家に帰ったらナカヨは、色々なEPEXの配信動画などを見て、どこでどんなふうに人を動かせばいいのかや、作戦の立て方に、初動の動き方などを勉強した。

 

そして練習試合4日目、すなわち大会本番の前日である。

ナカヨはそこで、2人に指揮官役をやらせてほしいと頼み込んだ。

 

カンナ達は昨日からあまり調子が良くなかったナカヨを心配しながらも、指揮官については了承した。

 

渋田利ナカヨが、大手vtuber事務所に入れたのは、そのほんわかとした話し方と、圧倒的な事前準備だ。
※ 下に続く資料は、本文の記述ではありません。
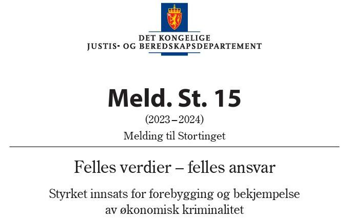 I Stortingsmelding 15, hvor målet er styrket innsats for forebygging og bekjempelse av økonomisk kriminalitet, er det mange gode forslag. Bl.a. så er noen av disse: Økt involvering i næringslivet – oppfordre private aktører til å delta aktivt i forebygging og avdekking av økonomisk kriminalitet.
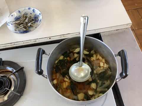 煮干しでだしをとっての味噌汁作り朝、煮干しの準備から始めます。具材は各班で3つずつ決めました。試食では、だしの入ってないみそしると味比べをして、その違いにびっくりだしは絶対必要と言っていました。
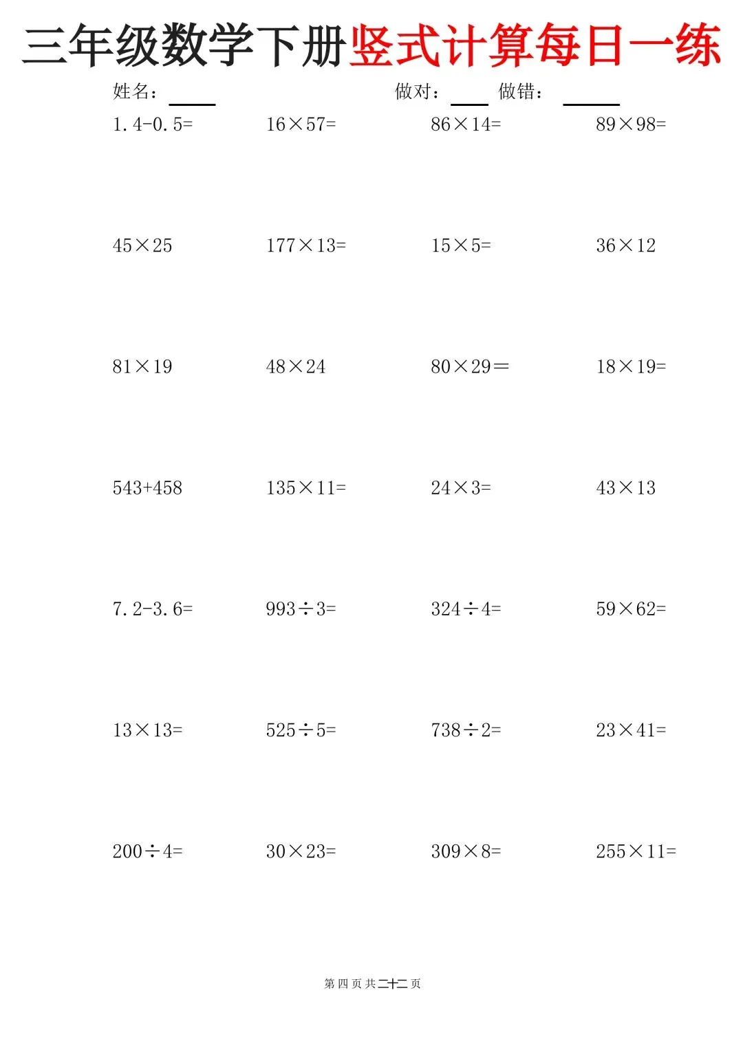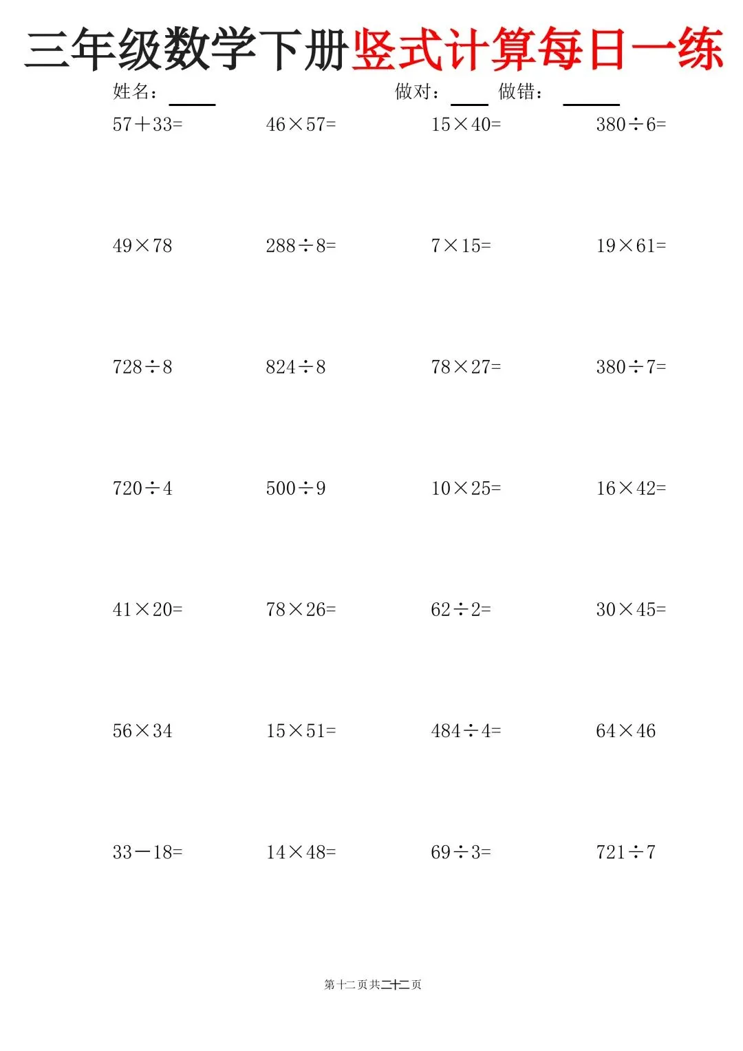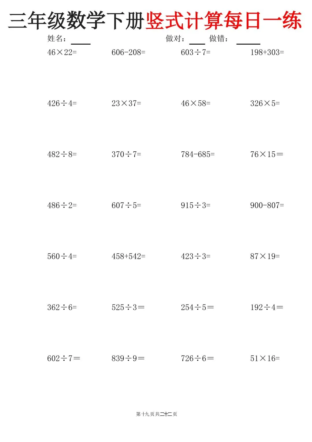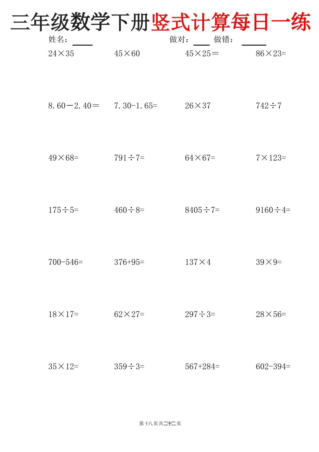 今天安安给大家分享:三年级下册数学竖式计算每日一练,共22页,练习内容紧扣课本知识点,加减乘除竖式全覆盖,题型由浅入深,规范书写步骤。
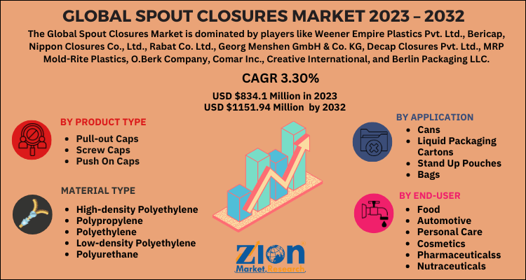 The global spout closures market had a value of USD 834.1 Million in 2023, and according to Zion Market Research, it will grow to USD 1151.94 Million by the end of 2032. The market is expected to grow with a CAGR of 3.30% during the forecast period.
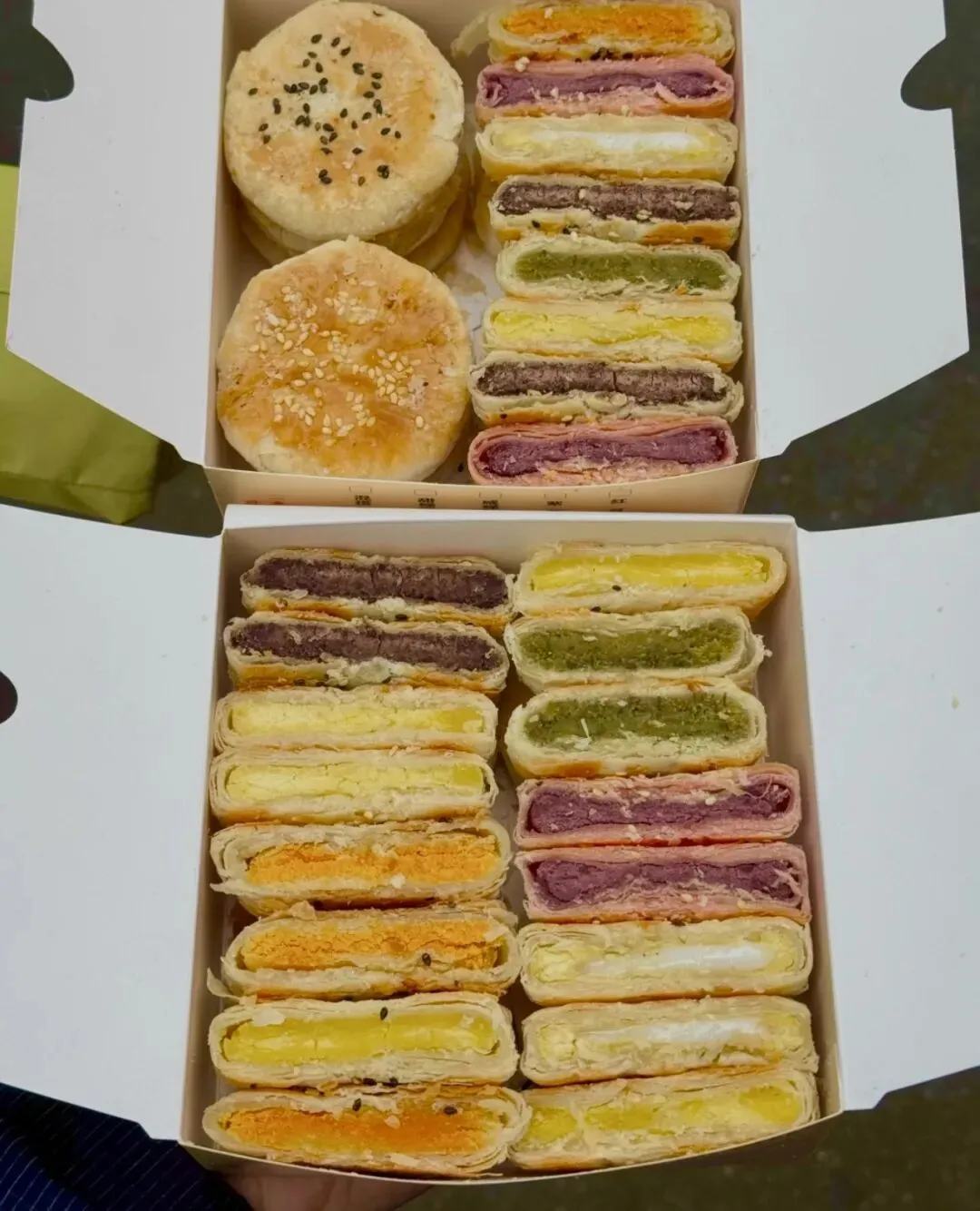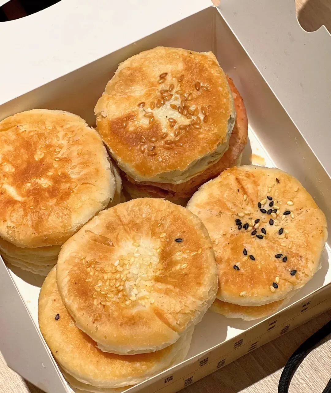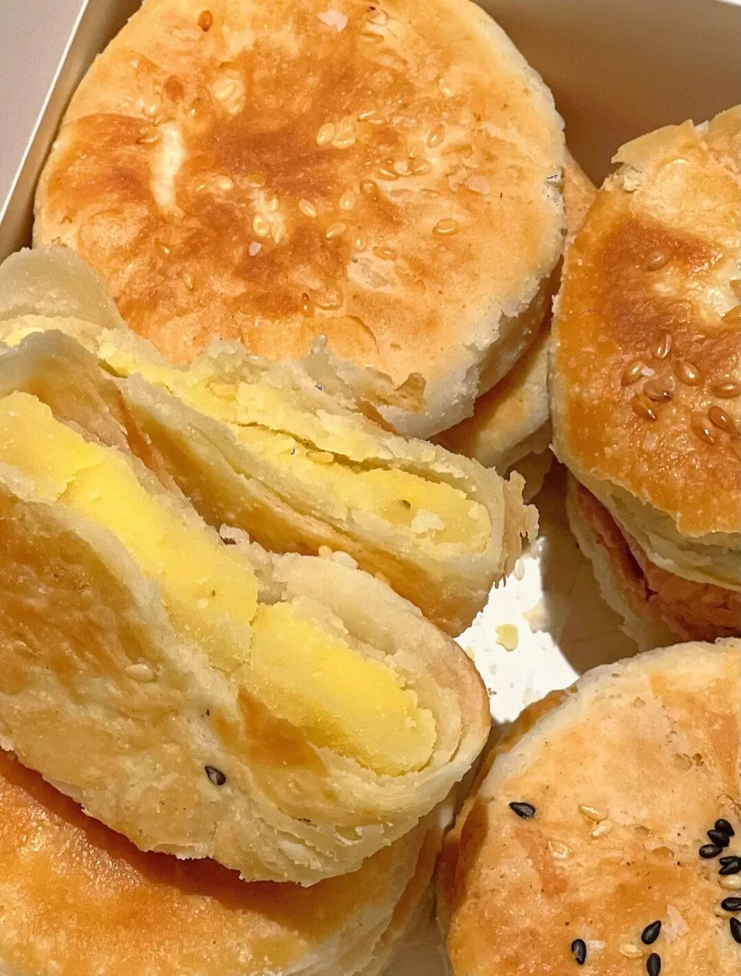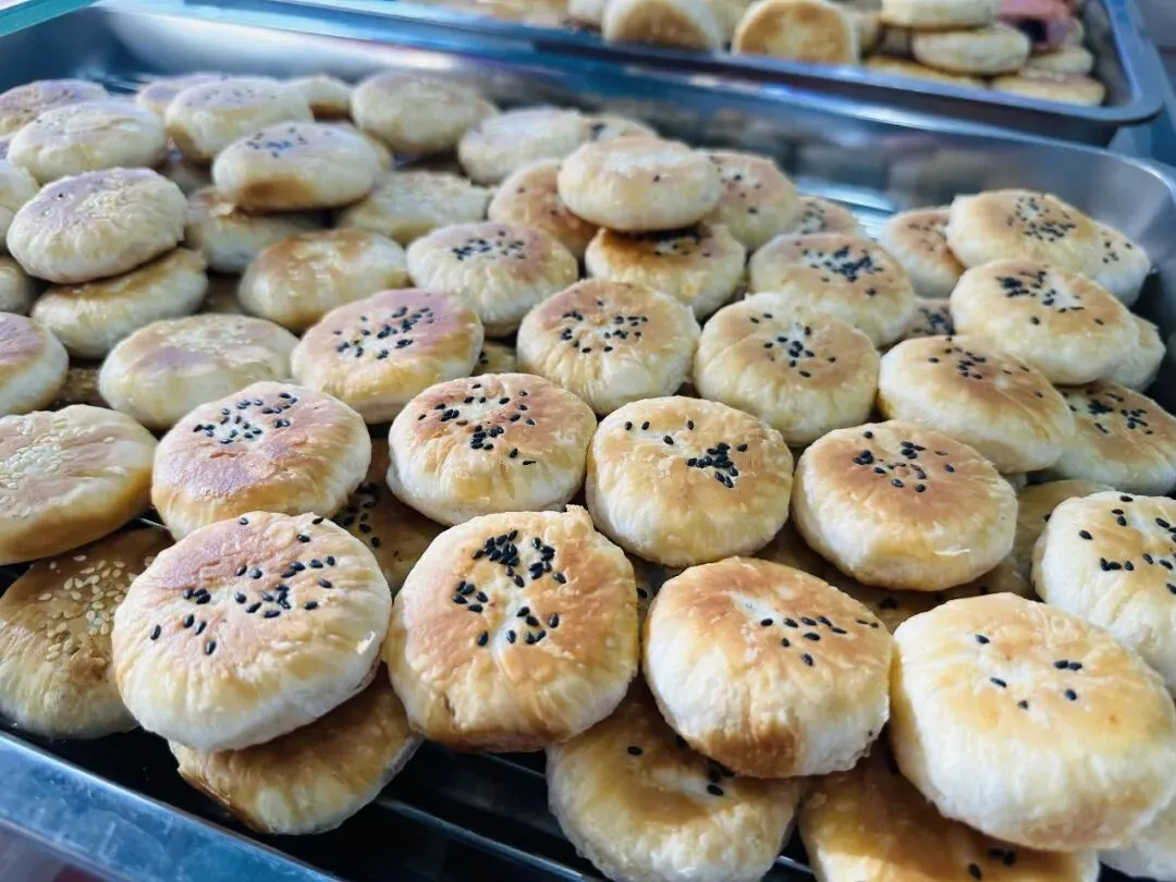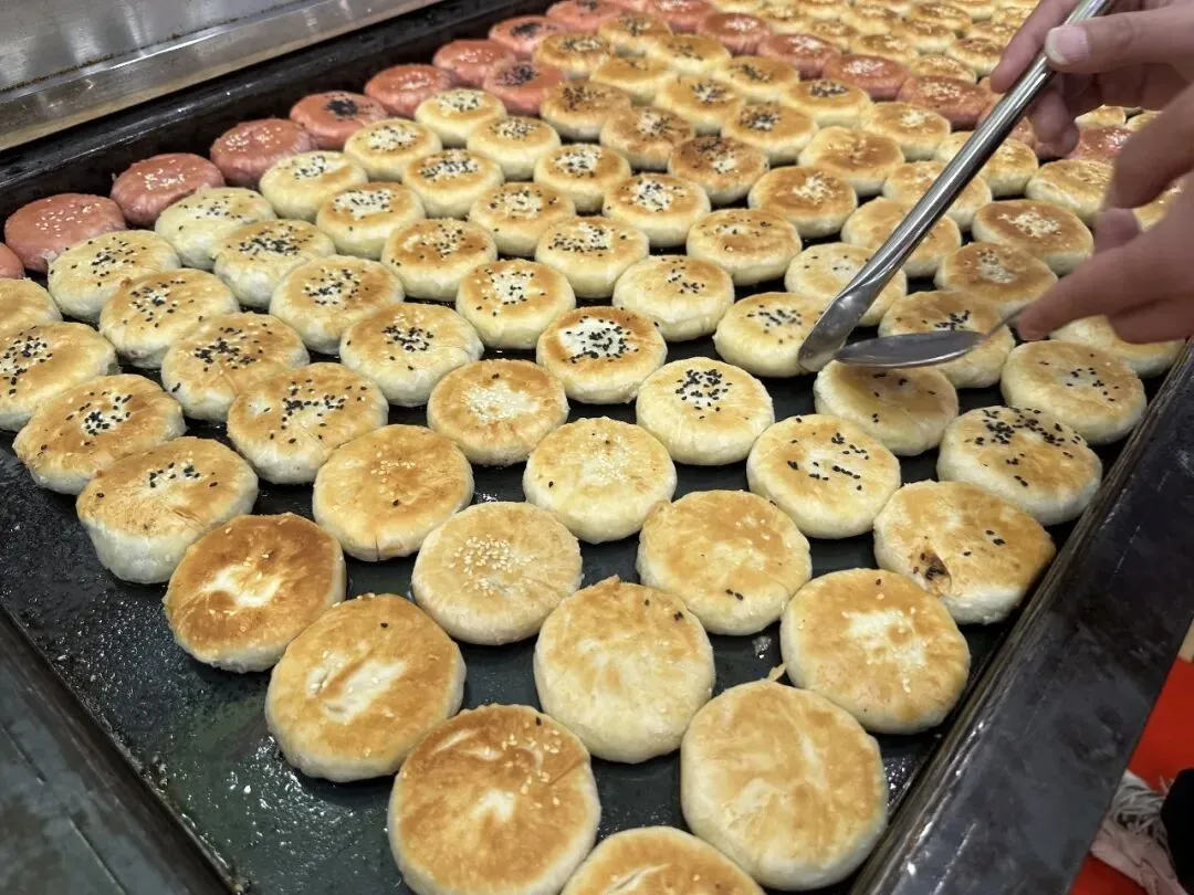老板是真的用心做饼!全程纯手工制作,每天现烤现卖,坚决不售隔夜饼,每一个都要精心烤够20分钟,刚出炉时焦香扑鼻,外皮酥到一碰就掉渣,咬一口直接香迷糊~

審査用の動画を作る時も、参考書を読み込んだりと凄まじい集中力がある。

 

そんなナカヨは幾つものパソコンの画面に動画を開き、動画を出している参加者の動きなどを見ては、それをノートに書き写すなどして、何となくだがどこのチームがどんな動きをするかを、頭の中に叩き込んだおかげで、4日目の練習試合では、カンナ達が勝てない相手がいたら、2人が突っ込もうとするのを止めて、そのチームが他のチームと戦い弱ったところを襲うなどして、順調に勝ち進めていった結果。

 

カンナ達のチームは練習試合最終日の最後の試合では、運が良かったとはいえ全員無事な状態で、チャンピオンを取る事ができたのだった。

 

チャンピオンを取ることのできた三人は、大会本番で優勝したかの様な喜びを見せた。

 

「おっしゃあああ!!」

「やったあぁぁぁ!!」

「やりましたね!」

 

その場に犯人が揃っていたら、あまりの嬉しさにハイタッチやハグをしてしまうほど喜んでいた。

 

「と言うかちょっと待って、ナカヨさぁ、指揮官役うますぎね?」

「アタルの言う通り、私達が敵に突っ込もうとした時も、冷静にダメって言ってくれて、あの時はすごく助かったし、ナカヨ凄いじゃん!」

「そ、そうかな?」

「「そうだよ!」」

 

自分がチームの一員になれた事がわかったナカヨは、あの本当に誰なのかも分からない、占い師もどきの男に心の中で感謝を伝えた。

 

「それじゃあ本番も、ナカヨが私たちの指揮をするって事で大丈夫?」

「ああ、俺は何の問題もない」

「私も大丈夫……いや、私にやらせて!」

 

自分の決意を固める為にナカヨが言い直すと、それを聞いていたアタルは画面の前で、ニヤリと笑った。